Predictive modeling: a look under the hood

Can past business performance measures predict future performance? If so, are these measures considered endogenous (internal) or exogenous (external), and how efficiently can they model performance that’s yet to come?

Before we get too deep into the weeds, you may be asking:

  • What is predictive modeling/forecasting?
  • How and why should I use a forecast?
  • Where can I learn more about the value of a forecast?

This article will answer these and other questions, with the caveat that it’s going to get technical. For the modeling/forecasting enthusiasts out there, I’ve included some extra technical jargon—find it by reading the italicized copy that starts with “More technical stuff (can skip…)”.

Predictive modeling/forecasting is a process that uses data mining and statistical analysis to identify predictors (i.e., variables) that are highly-correlated with some specific outcomes we’d like to forecast, e.g., traffic, sales revenue, etc.
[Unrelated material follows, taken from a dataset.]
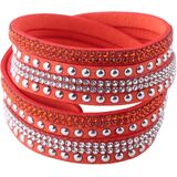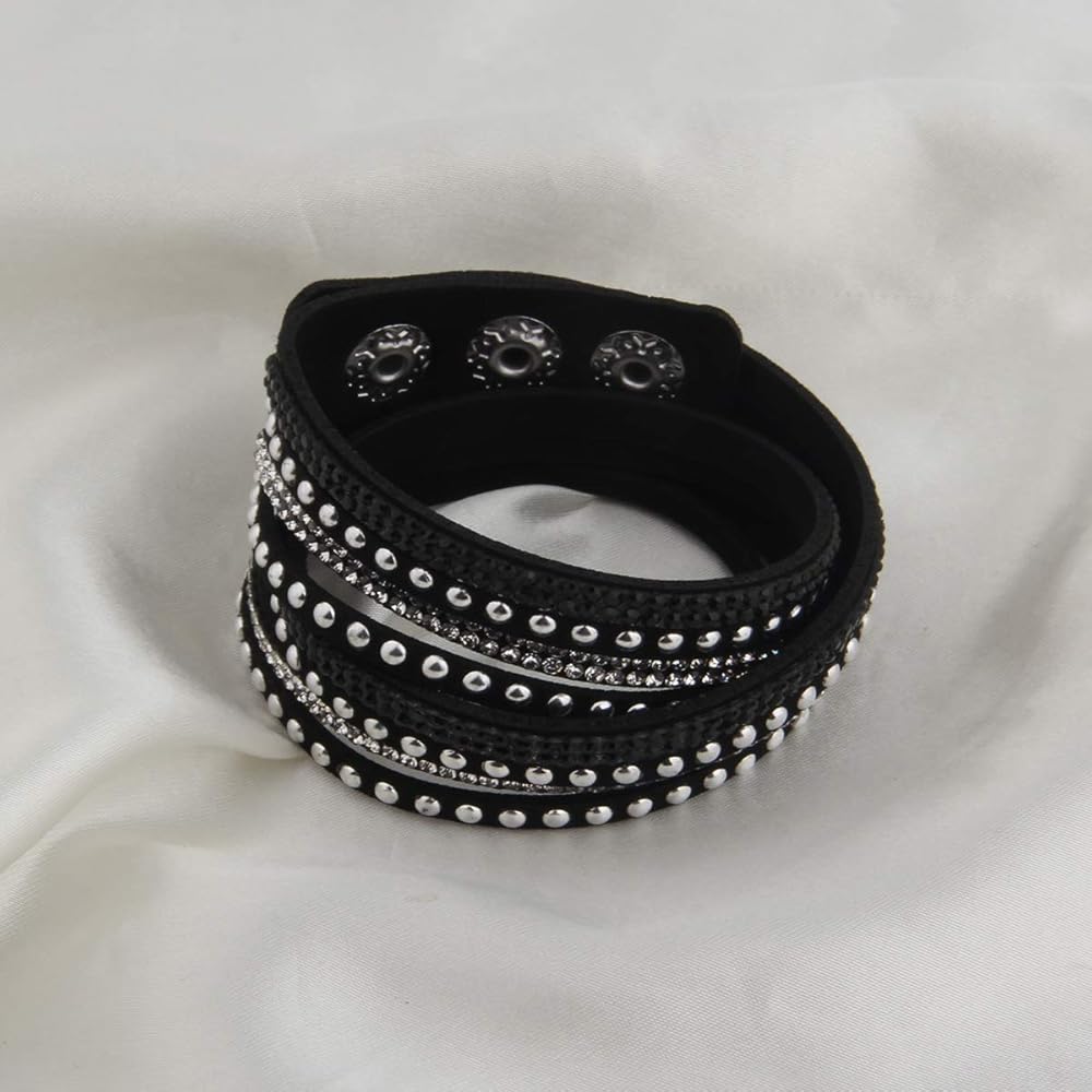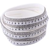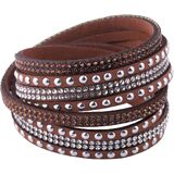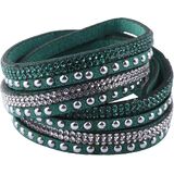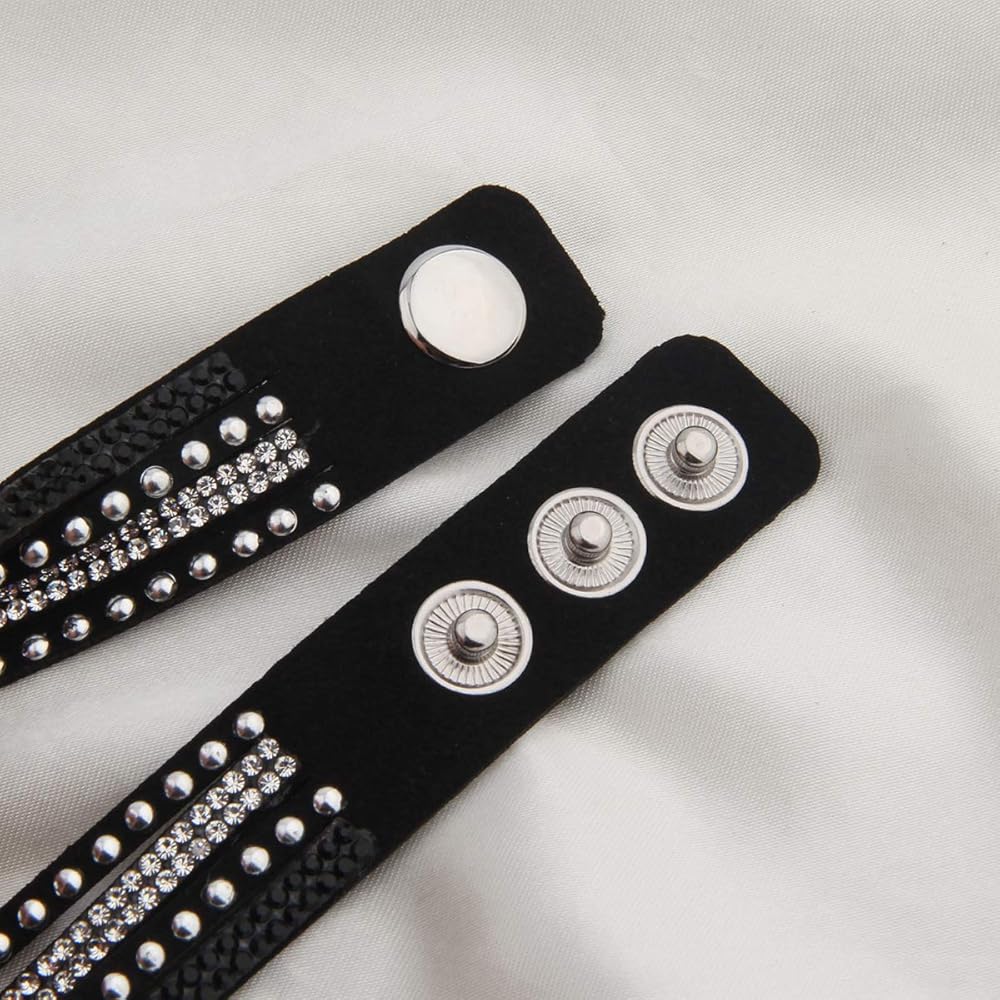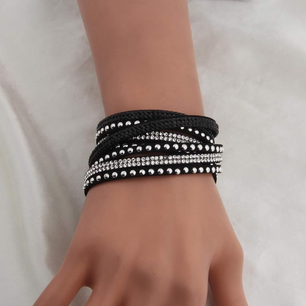The slit leather and sparkling crystals create the illusion of several bracelets being worn together. Light and comfortable to wear, and great for stacking!

A majority of forecasts are vector autoregressive (VAR), which is just a fancy way of saying that they use a time-series linear regression with lagged (i.e., past) performance measure values to help create a future forecast. Which is still a pretty fancy way of saying that VAR models use past performance to predict future outcomes.

VAR models prove their worth in that lagged values are extremely predictive of future performance. This is likely because VAR models already include the idiosyncrasies of business trends. Things like seasonality, business cycles, trends, etc. All of this is great because it means we don’t need to have additional knowledge of the forces that are influencing the business trends.
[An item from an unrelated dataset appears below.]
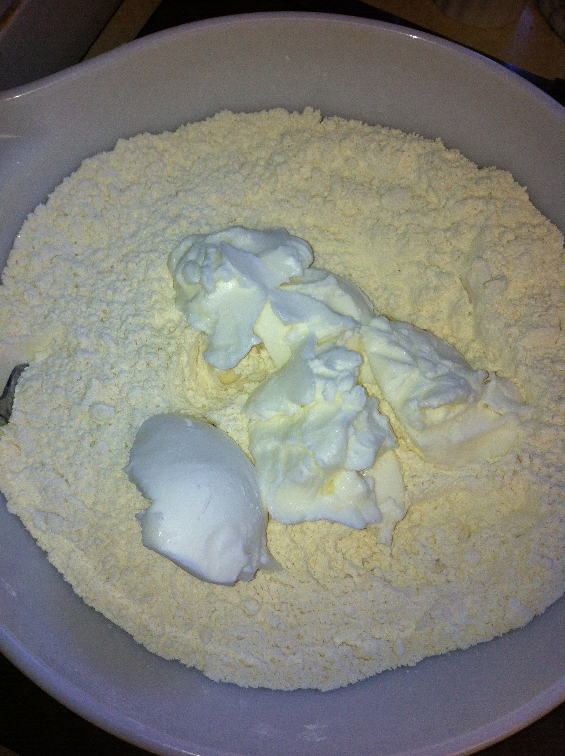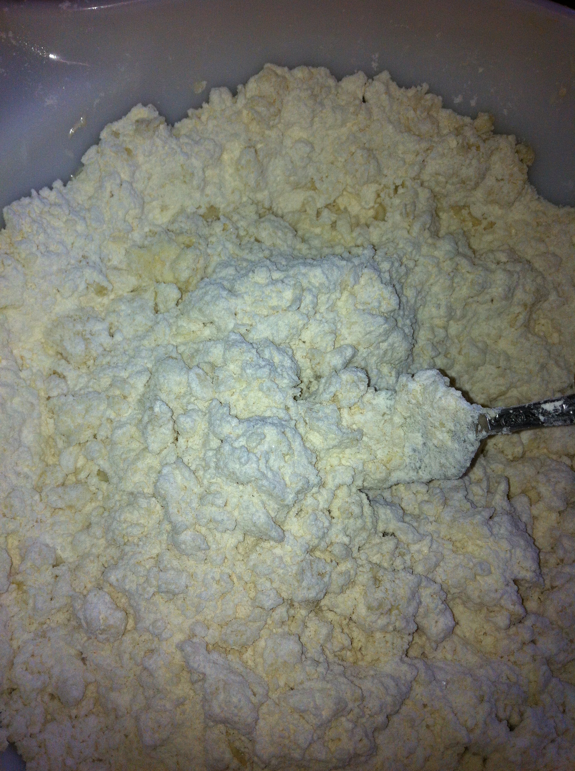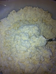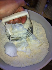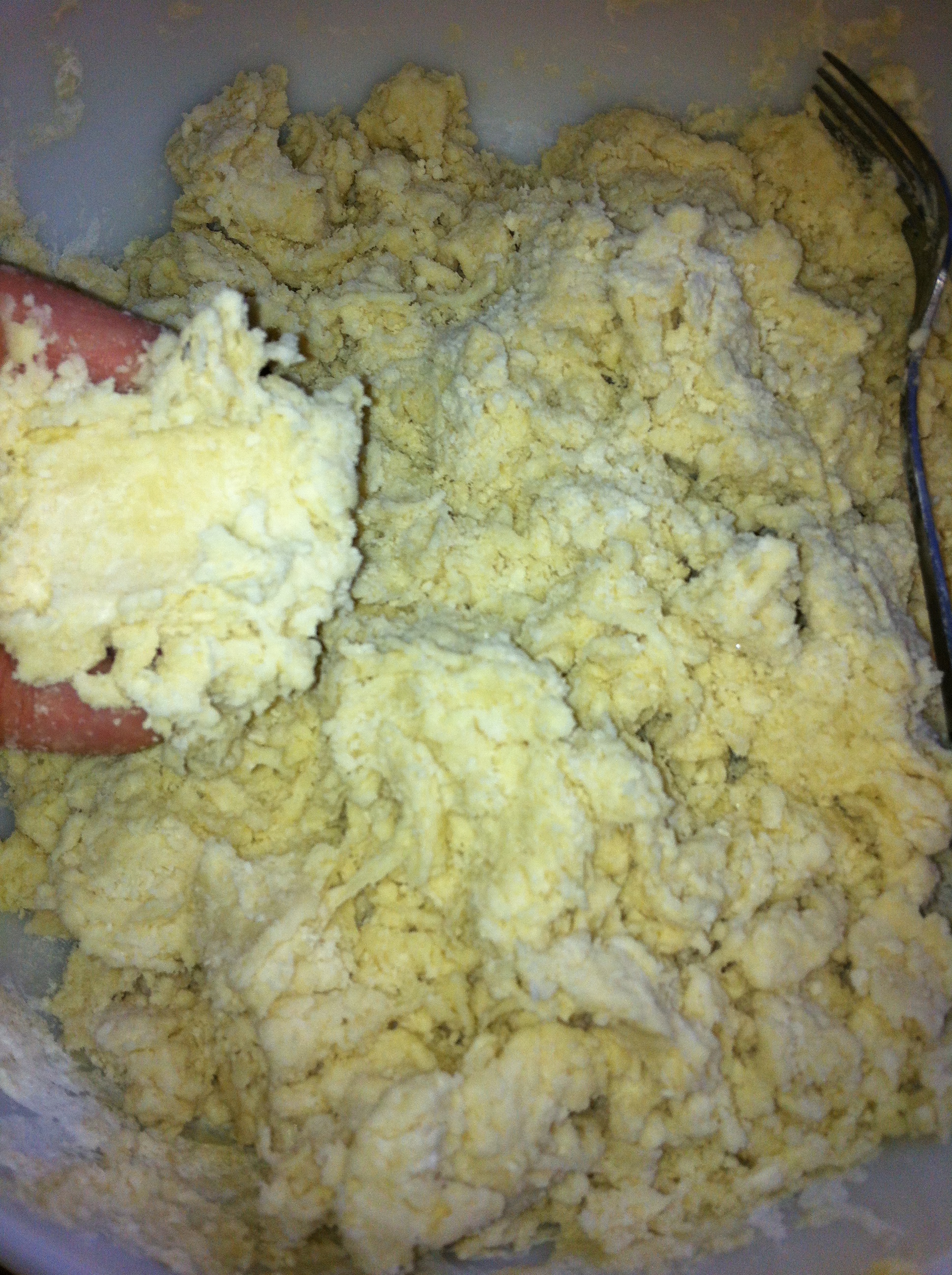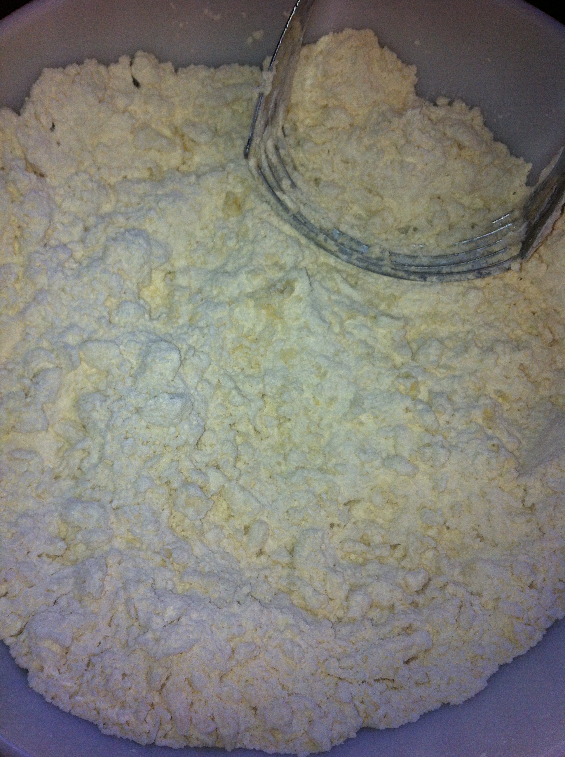 *Cut in with a pastry cutter {or use the tines of a fork if you don’t have a pastry cutter} the shortening/lard/coconut oil.

More technical stuff (can skip….)

A word to the statistics geeks out there: You’ll want to use scenario analysis to estimate the appropriate lag lengths, and you’ll want to do a Granger Causality, impulse response and a non-stationarity test.

Another forecast, a standard ordinary-least square (OLS) linear regression (just rolls right off the tongue, don’t you think?), involves data mining and statistical analysis to determine the variables that influence business trends. These variables are typically external and vast, and may be marketing-, economic- and/or weather-oriented.
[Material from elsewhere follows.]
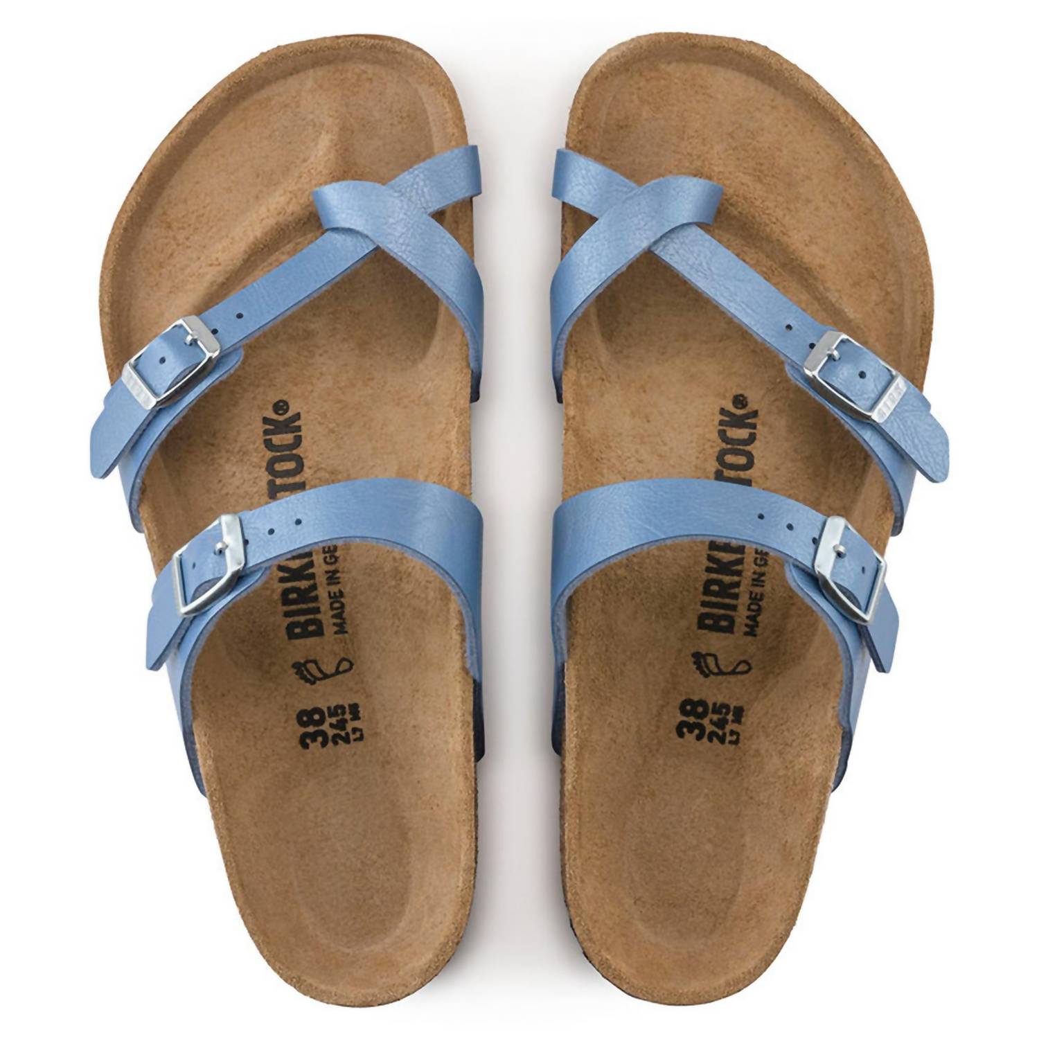 This sandal will take you from brunch to dinner and everything in between. Elevate your footwear collection with the Women's Mayari Sandal by Birkenstock, a perfect blend of elegance and comfort. Featuring adjustable, crisscrossing straps with an open toe design, this Riviera blue sandal provides classic support with a stylish frosted finish. Crafted from skin-friendly, hard-wearing Birko-Flor® material, it's made in Germany for superior quality. Ideal for those who seek both beauty and functionality in their footwear.

A marketing-based forecast might evaluate Facebook attributes, television impressions, display impressions and radio impressions to determine which marketing channel was the most effective in driving sales.

There are other types of linear and nonlinear data models, however, that may be better suited to meet your specific forecast needs. For example, if you’re going to forecast energy consumption, an exponential growth model is your best bet.

More technical stuff (can skip….)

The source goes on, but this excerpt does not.